The Abbey of La Trinité in Vendôme, France and the Cult of the Holy Tear: An Exploration of a Multi-Sensory Devotional Experience

Oxford, Bodleian Library, MS Rawl. poet. 224


This manuscript is a compendium of texts related to the cult of the Holy Tear. Its size, physical qualities, combination of French and Latin language suggests that the manuscript was not produced at the abbey or for a monastic audience, but for a secular reader at a modest court workshop. However, even though the manuscript was probably not produced at the abbey, the nature of the texts suggests that the compiler and the author of the opening poem likely had very close contact with the abbey and its library.
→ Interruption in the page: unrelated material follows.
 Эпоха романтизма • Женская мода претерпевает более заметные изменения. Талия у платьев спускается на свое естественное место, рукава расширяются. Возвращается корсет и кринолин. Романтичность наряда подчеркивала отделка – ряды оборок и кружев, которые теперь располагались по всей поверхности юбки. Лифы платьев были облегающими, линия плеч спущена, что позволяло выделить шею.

Much information about the manuscript can be gleaned from the frontispiece. Four scenes from the legend of the Holy Tear appear in frames at the center of the page. The scenes are the four major scenes of the legend: the shedding of the tear at the tomb of Lazarus, Geoffrey Martel selecting the Holy Tear in the Imperial treasury in Constantinople; Geoffrey transporting the Holy Tear, and Geoffrey donating the relic to the abbey of La Trinité. The focus seems to be on Geoffrey as much as the Holy Tear.
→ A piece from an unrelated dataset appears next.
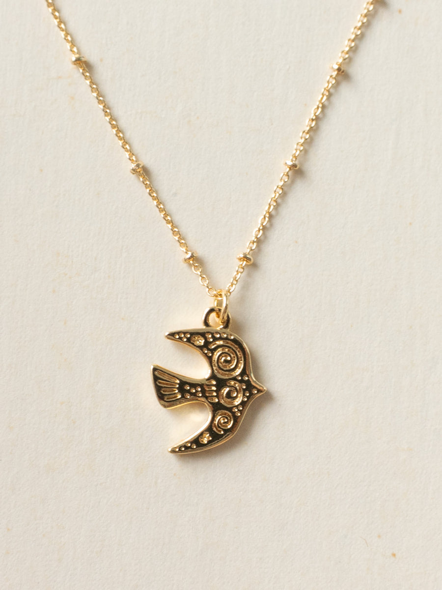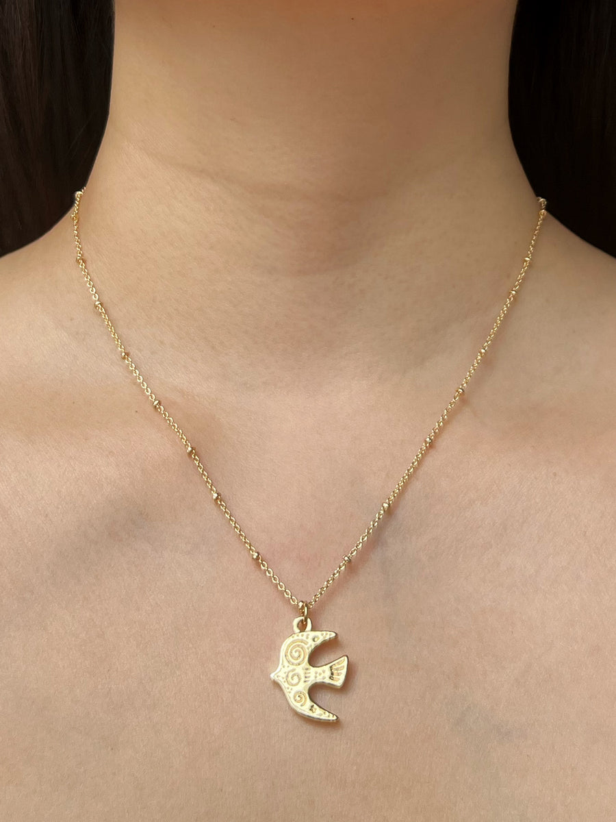 A delicate gold necklace with a carved dove, representing tranquility, love, and quiet renewal. Also available in Gentle Elephant and Intuitive Horse.

The artist decorated the page outside the picture frame with floral and leaf designs of blue, green and pink. Among the decorations, five coats of arms offer crucial information regarding the possible provenance, function, and reader of the manuscript.

On the lower left hand of the folio appears the arms of René of Anjou. René sponsored a court of poets and painters, and was a poet himself, and likely he was responsible for producing the manuscript. Moving to the right, we come to the coat of the Dauphin, the heir apparent of the king of France, and the ruler of the Dauphiné in southeastern France, which was held by René's nephew, Louis, son of Charles VII, until 1461. Higher on the page near the right margin, appear the combined arms of Louis and Charlotte of Savoy after their marriage in 1453. Finally, in the upper right margin appears the arms of the King of France, either Charles VII, brother in law to René of Anjou, or his son, Louis XI, after his ascension in 1461.

The prominence of aristocratic coats of arms, as well as the central and honorific role that Geoffrey Martel plays on the frontispiece and in the opening poem, an intriguing explanation for the manuscript is that it may have been a gift from René to Louis XI. René and Louis were related by blood, and in 1475, René had asked Louis to ransom his daughter (and Louis’s cousin), Margaret of Anjou, who was held captive by rivals to the English crown during the war of the Roses.